La mort et l'usine
Ma chère Jeanne, certains livres sont comme des lieux qui nous ont marqués à jamais. Des lieux où l'on s'est senti bien, des lieux où l'on se sent en communion avec l'air qu'on y respire, avec les paysages devant lesquels on reste contemplatifs et serein. Oui Jeanne, il y a des livres qui vous initient au voyages intérieurs après avoir gouté à la beauté des choses dans la vraie vie.
Parfois j'ai envie de lire ou de relire un livre comme pour satisfaire une envie soudaine. La femme enceinte qui a une envie de fraises. Moi j'ai des envies de livres. Moi, j'ai envie de voyages dans le temps. Moi, j'ai envie de savoir comment les hommes ont vécu, pensé et souffert
Est-ce la mélancolie des jours sombres d'automne qui me pousse à des langueurs littéraires?
Est-ce cette brise automnale qui fait se balancer les arbres hauts devant ma fenêtre, en delivrant un doux mumure ?
Ou est-ce la Camarde qui me fait savoir tout simplement par signes sibyllins : " là où je t'emmène, tu n'as pas besoin de livres" ?
Je vais relire "notre cœur" de Maupassant.

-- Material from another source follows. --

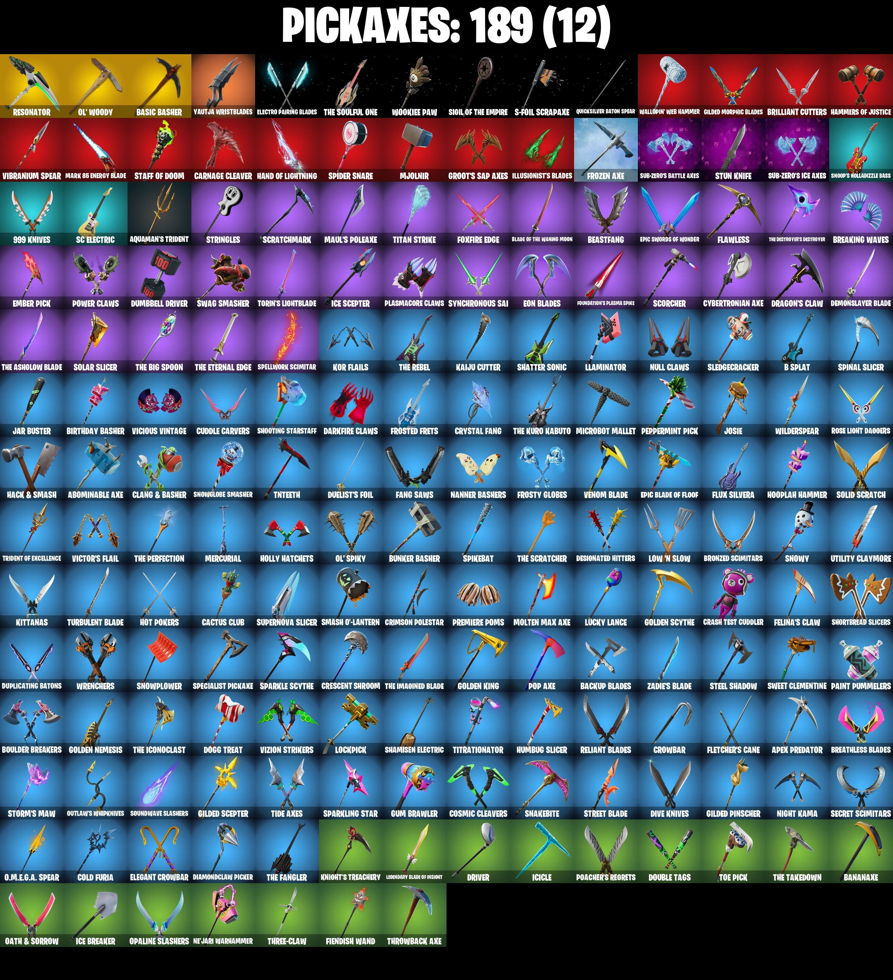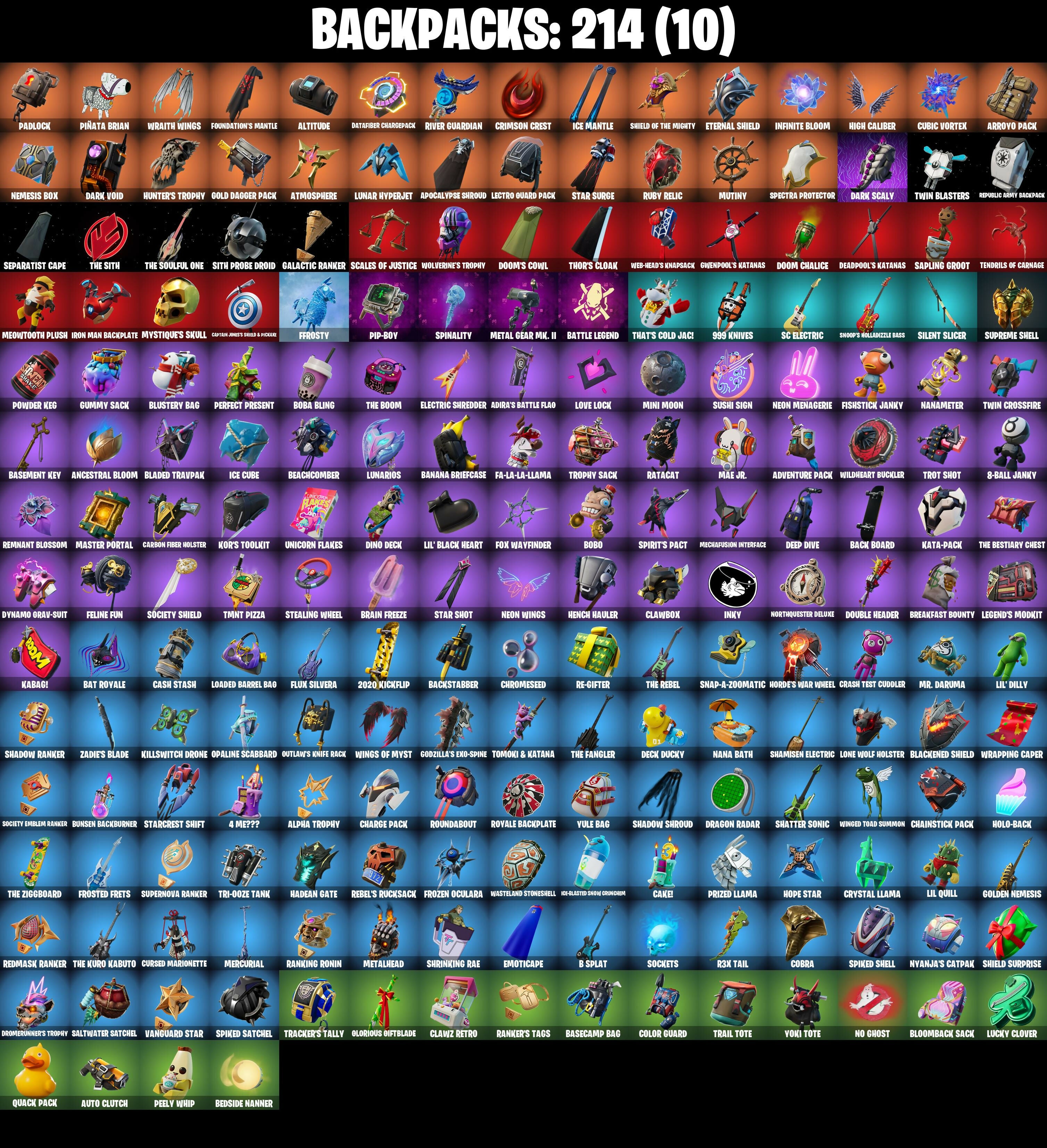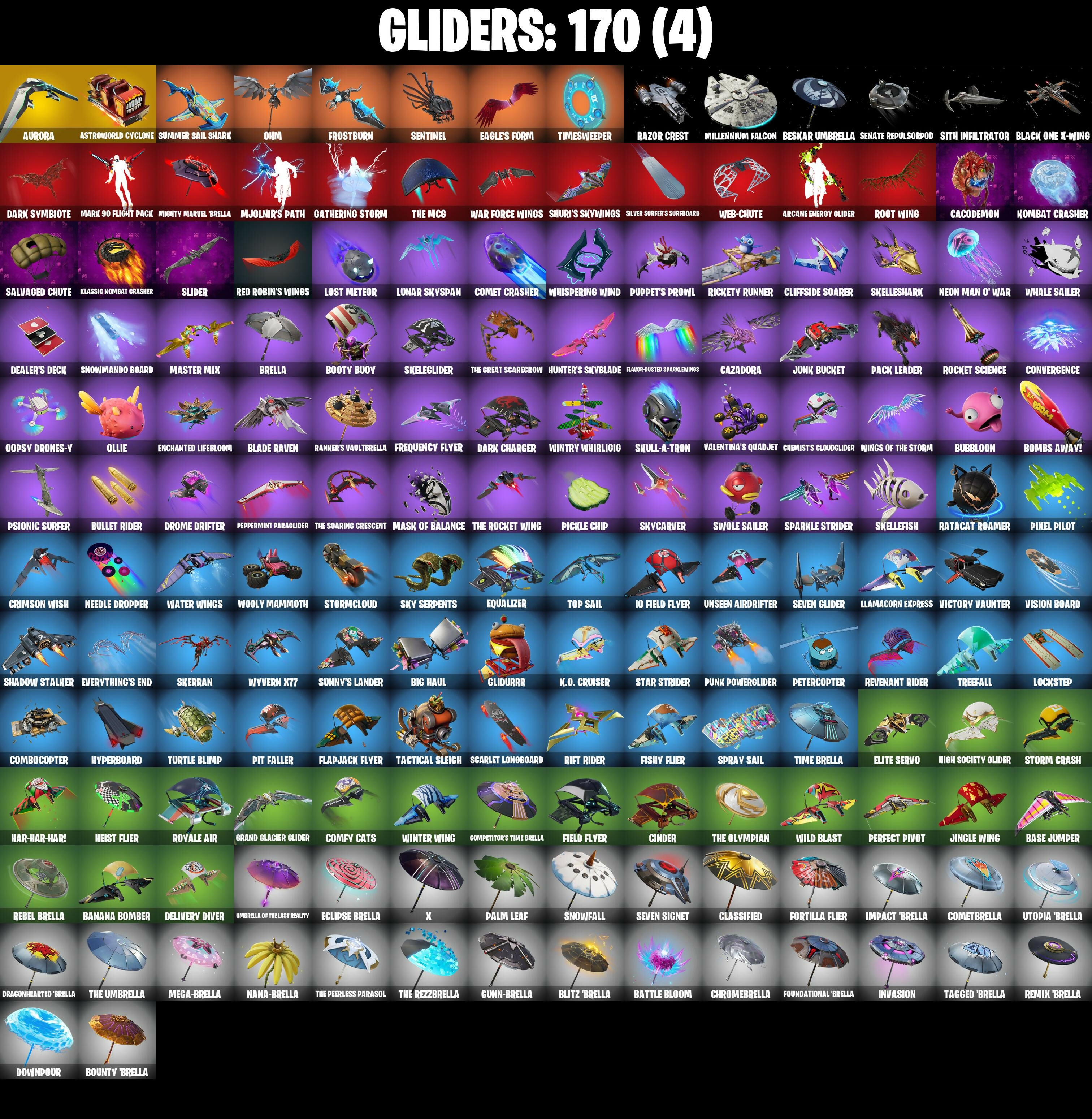 2020 Kickflip, 4 Me???, 8-Ball Janky, 999 Knives, A Warrior Prepares, Abominable Axe, Adira's Battle Flag, Adventure Pack, Agent Peely, Ahsoka's Clone Trooper, Air Shredder, Alpha Trophy, Altitude, Ancestral Bloom, Apex Predator, Apocalypse Shroud, Aquaman, Aquaman's Trident, Arcane Energy Glider, Arctic Adeline, Arroyo Pack, Arthur Curry, Astroworld Cyclone, Atmosphere, Aura, Aurora, Auto Clutch, B Splat, Back Board, Backstabber, Backup Blades, Banana Bomber, Banana Briefcase, Bananaxe, Baron's Hoard, Base Jumper, Basecamp Bag, Basement Key, Basic Basher, Bat Royale, Battle Bloom, Battle Legend, Beachcomber, Beastfang, Bedside Banner, Beep Beep, Beskar Umbrella, Bhangra Boogie, Bi-Han, Big Dill, Big Haul, Billy Bounce, Birthday Basher, Black, Black One X-Wing, Blackened Shield, Blackheart, Blackheart (Stage 8), Blade Raven, Blade of the Waning Moon, Bladed Travpak, Blitz 'brella, Bloomback Sack, Blowing Bubbles, Blustery Bag, Boba Bling, Bobo, Bombs Away!, Boogie Down, Boomin', Boosting Ki, Booty Buoy, Boulder Breakers, Bounty 'brella, Brain Freeze, Breakfast Bounty, Breaking Point, Breaking Waves, Breakneck, Breathless Blades, Brella, Brilliant Cutters, Bronzed Scimitars, Bubblegum Highwire, Bubbloon, Bullet Rider, Bunker Basher, Bunsen Backburner, Burning Ambition Valeria, Burpee, Cacodemon, Cactus Club, Cake!, Call Me, Cap Kick, Captain Jones' Shield & Pickaxe, Captain Llamerica, Carbon Fiber Holster, Carnage, Carnage (Maximum), Carnage Cleaver, Cash Stash, Cassidy Quinn, Cat Flip, Catalyst, Catalyst (Overcharged), Cauldron Chill, Cazadora, Chainstick Pack, Charge Pack, Charlotte, Chef's Special, Chemist's Cloudglider, Choice Knit, Chrome Punk, Chromebrella, Chromeseed, Cinder, Clang & Basher, Classified, Clawbox, Clawz Retro, Clean Sweep, Cleveland Brown, Cliffside Soarer, Cobra, Coin Flip, Cold Furia, Color Guard, Combocopter, Comet Crasher, Cometbrella, Comfy Cats, Competitor's Time Brella, Conga, Convergence, Coruscant Guard, Cosmic Cleavers, Count It!, Crash Test Cuddler, Crescent Shroom, Crimson Crest, Crimson Polestar, Crimson Wish, Crossbounce, Crowbar, Crowning Achievement, Crystal, Crystal Fang, Crystal Llama, Cubic Vortex, Cuddle Carvers, Curling Iron, Cursed Marionette, Cybertronian Axe, Cyclo Curl, Dabstand, Dagger Dance, Dark Charger, Dark Rex, Dark Scaly, Dark Symbiote, Dark Vanguard, Dark Void, Darkfire Claws, Datafiber Chargepack, Dawn Duelist Nisha, Deadpool, Deadpool Unmasked, Deadpool's Katanas, Deal'em Cassidy Quinn, Dealer's Deck, Deck Ducky, Deep Dive, Deep End, Delivery Diver, Demonslayer Blade, Designated Hitters, Diamond Throne, Diamondclaw Picker, Dill With It, Dillinger The Other, Dino Deck, Dive Knives, Doctor Doom, Doctor Doom (God Emperor), Dogg Treat, Doom Chalice, Doom's Cowl, Double Header, Double Tags, Downpour, Doze Dab, Dragon Radar, Dragon Stance, Dragon's Claw, Dragonhearted 'brella, Driver, Drome Drifter, Dromerunner's Trophy, Duelist's Card Trick, Duelist's Foil, Dumbbell Driver, Duplicating Batons, Dusk Knight, Dynamo, Dynamo Grav-Suit, Eagle's Form, Eclipse Brella, Electric Shredder, Electro Pairing Blades, Electro Swing, Elegant Crowbar, Elite Servo, Ember, Ember Pick, Emoticape, Empress Fan Dance, Enchanted Lifebloom, Entranced, Eon, Eon Blades, Epic Blade of Floof, Epic Swords of Wonder, Equalizer, Eren Jaeger, Eternal Knight, Eternal Shield, Eternal Voyager, Eternal Voyager (Eternal), Everything's End, Expressionism, Fa-La-La-Llama, Fabio Sparklemane, Face Palm, Fade, Fang Saws, Featherweight, Feelin' Jaunty, Felina, Felina's Claw, Feline Fun, Ffrosty, Field Flyer, Fiendish Wand, Fierce, Fishstick, Fishstick Janky, Fishy Flier, Fist Bump, Flapjack Flyer, Flavor-Dusted Sparklingus, Flawless, Fletcher Kane, Fletcher's Cane, Flippin' Away, Flux Silvera, Foil Flex, Fortilla Flier, Foundation's Mantle, Foundation's Plasma Spike, Foundational 'brella, Fox Wayfinder, Foxfire Edge, Free Flow, Frequency Flyer, Frost Squad, Frostburn, Frosted Frets, Frosty Globes, Frozen Axe, Frozen Oculard, Frozen Treat Cart, Full Moon Fletcher Kane, Full Tilt, Gage, Galactic Ranker, Gathering Storm, Gear Specialist Maya, Get Funky, Get Griddy, Gilded Morphic Blades, Gilded Pinscher, Gilded Scepter, Glidurr, Glorious Giftblade, Godzilla's Exo-Spine, Gold Brutus, Gold Dagger Pack, Gold Meowscles, Gold Midas, Gold Tintina, Gold Tntina, Golden King, Golden Nemesis, Golden Scythe, Golf Clap, Grand Glacier Glider, Groot, Groot (Silver Foil), Groot's Sap Axes, Ground Pound, Gum Brawler, Gumbo, Gumbo (Sour), Gummy Sack, Gunn-Brella, Gunslinger Outlaw Midas, Gwenpool's Katanas, Hack & Smash, Hadean Gate, Hammers of Justice, Hand of Lightning, Hand-Forged, Happy, Har-Har-Har!, Harlowe, Harlowe (Helmet), Harmony, Haven, Haven (Tropical Chirper), Heart Sign, Heist Flier, Hello Friend, Hench Hauler, High Caliber, High Society Glider, Highwire, Holiday Boxy, Holly Hatchets, Holo-Back, Hoop Master, Hooplah Hammer, Hope, Hope Star, Horde's War Wheel, Hot Pokers, Humbug Slicer, Hunter's Skyblade, Hunter's Trophy, Hybrid, Hybrid (Stage 4), Hyperboard, Hypnot-Eyes, I Declare!, I'm A Mystery, IO Field Flyer, Ice Breaker, Ice Cube, Ice King (Gold), Ice Mantle, Ice Scepter, Ice-Blasted Snow Crunch, Icicle, Illusionist's Blades, Imani, Impact Brella, Imperial March, Infinite Bloom, Inky, Invasion, Iris, Iron Man Backplate, It Is Finished, It's Chemistry!, It's... You?, J.B. Chimpanski, J.B. Chimpanski (Helmet), Jar Buster, Jaywalking, Jennifer Walters, Jet Signals, Jingle Wing, Josie, Joss, Jubilation, Jules, Junk Bucket, K.O. Cruiser, Kabag!, Kaiju Cutter, Kata-Pack, Keep It Mello, Keisha Cross, Keyed Up, Killswitch Drone, Kit, Kittanas, Klassic Kombat Crasher, Knife Sharpener, Knight's Treachery, Kombat Crasher, Kondor, Kor, Kor (Trenchcoat), Kor Flails, Kor's Toolkit, Krisabelle, Laugh It Up, Lectro Guard Pack, Legendary Blade of Insight, Legends Modkit, Lexa, Lexa (Warstrike), Lil Quill, Lil' Black Heart, Lil' Dilly, Lil' Monster, Lil' Mower, Lil' Podracer, Lil' Prancer, Lil' Rove

J'ai pris trois jours de repos. Le travail d'usine me fatigue. J'aime me replonger dans un livre qui, paradoxalement, est un livre qui raconte la vie d'un ouvrier. La poèsie se cache parfois là où elle n'a rien y faire. Pour ceux qui comme moi ressentent l'anxiéte de la vie comme une seconde nature, le bruit et la fureur sont un exutoire très efficace. Je dirais même un divertissement au sens pascalien. En cela l'usine présente un avantage. On voit des gens. Les mêmes. Toujours souffrant mais toujours vivants. C'est peut -être le seul lieu où l'on se sent immortel. Le bruit, la fureur du métal qui cogne vous divertit de la mort. Est-ce pour cela que le bougre retraité rend l'âme le plus souvent quelques mois seulement après la quille ?
Un brusque retour des choses ?
La mort et l'usine sont-elles les seules mesures de toute chose ici bas?
Jeanne , ton Adrien qui ne cesse de penser.